Devesant couldn’t inhale, but he could flail about, and his body was now expelling powerful forces of magic.

But before he could deal the final blow, the first boulder hit him.

That last lever Jareld had pulled, the one he pulled just before leaving the fly rail room, was the reason a boulder hit Devesant. While he had been hiding in the fly rail room, Jareld had noticed that particular lever, the one that was with many flags and had the word “Danger” written on it in ten languages. It was the lever that opened the glass ceiling, in case you wanted to let the pure sunlight in.
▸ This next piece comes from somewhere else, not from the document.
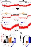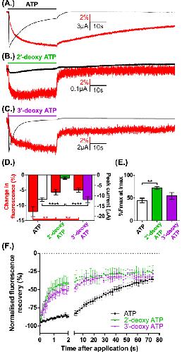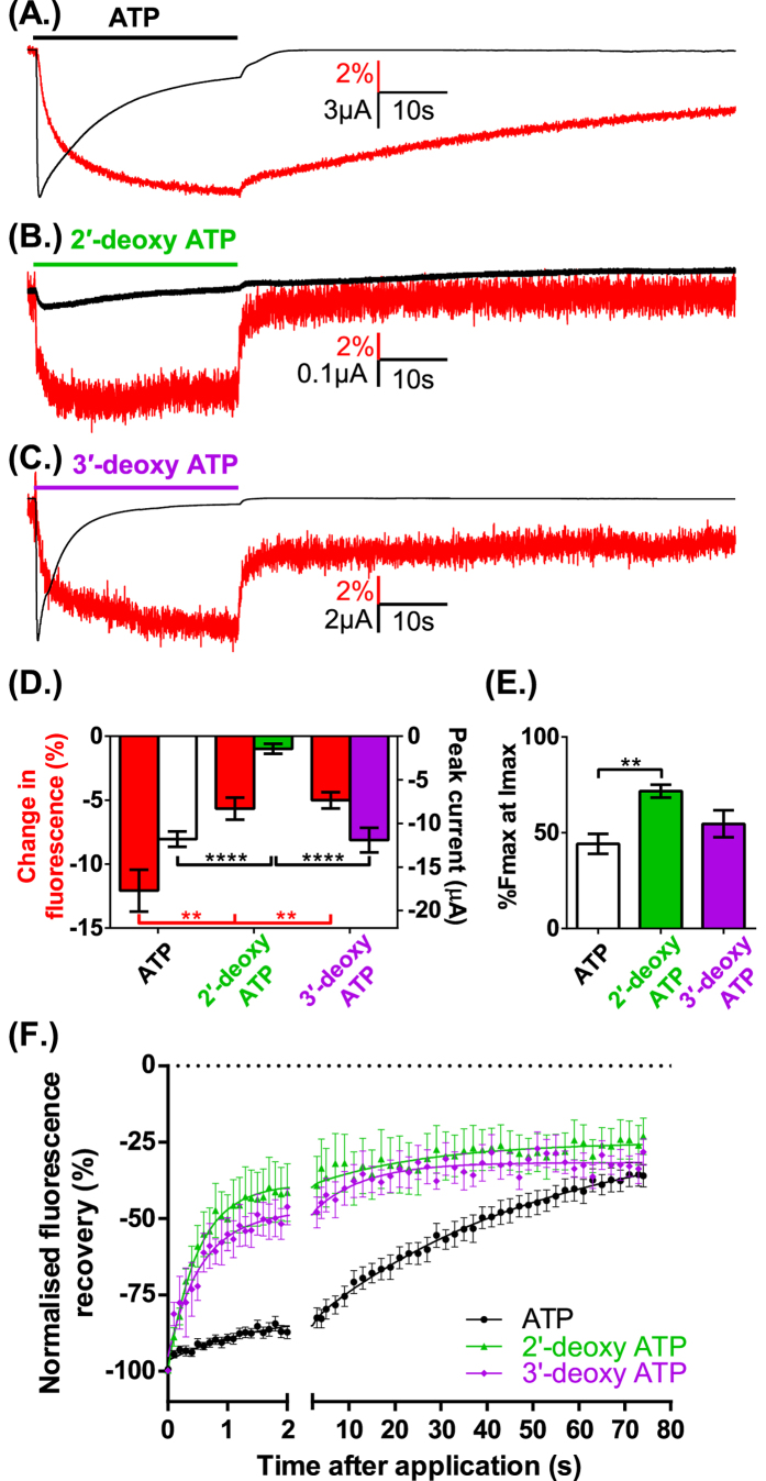 Figure 4. VCF reports changes in fluorescence induced by deoxyadenosine 5′-triphosphates.(A) Example of VCF traces from oocytes expressing P2X1R K190C (10 μM ATP indicated by bar, black trace = current recording, red trace = fluorescence). Inward currents and decreases in fluorescence were also seen with the application of (B) 2′-deoxy ATP and (C) 3′-deoxy ATP (both 10 μM). The fluorescence changes were significantly smaller than those seen with ATP while 2′-deoxy ATP evoked a significantly reduced current (D) The proportion of the fluorescence change at peak current (%Fmax at Imax, (E)) was also significantly greater that ATP with the application of 2′-deoxyATP. (F) The recovery of the fluorescence change following agonist wash out was significantly faster for both 2′-dATP and 3′-deoxy ATP compared to ATP, with time from 90% to 50% fluorescence recovery of 1.0 ± 0.5 s, 2.5 ± 0.9 s and 30.4 ± 2.0s respectively. Data are shown as mean ± SEM, n ≥ 5, **p < 0.01, ****p < 0.0001.

The glass had broken long ago, and the rocks and boulders that had falling in their place had balanced themselves perfectly, but the framework was still there. The four bars that held the windows in place, once upon a time, were still there, resting, as part of the balanced rock formation.

So, before Jareld left the alcove, he had pulled the lever. He had disturbed the perfect balance. He had hoped to be clear of the room before the real damage happened. But as with everything since the finding of the erroneous journal entries, back in the Towers, things hadn’t gone according to Jareld’s plan.

The first boulder hit Devesant in the left wing. It didn’t do any major damage, but it would leave a bruise the size of a door.

It was the second boulder that broke the Dragon’s spine.

Jareld moved as fast as his body could carry himself and the King. Rocks started falling around him, each one redefining the word, “close.”

Jareld saw the door, fifteen paces away, but knew he only had the energy for five more steps. Then, a boulder exploded three feet from him, and he and Michael fell over, coated in dusty debris.

There was nothing left. Jareld couldn’t move. Michael couldn’t move. The door was only a short distance away, but it was a short distance too far.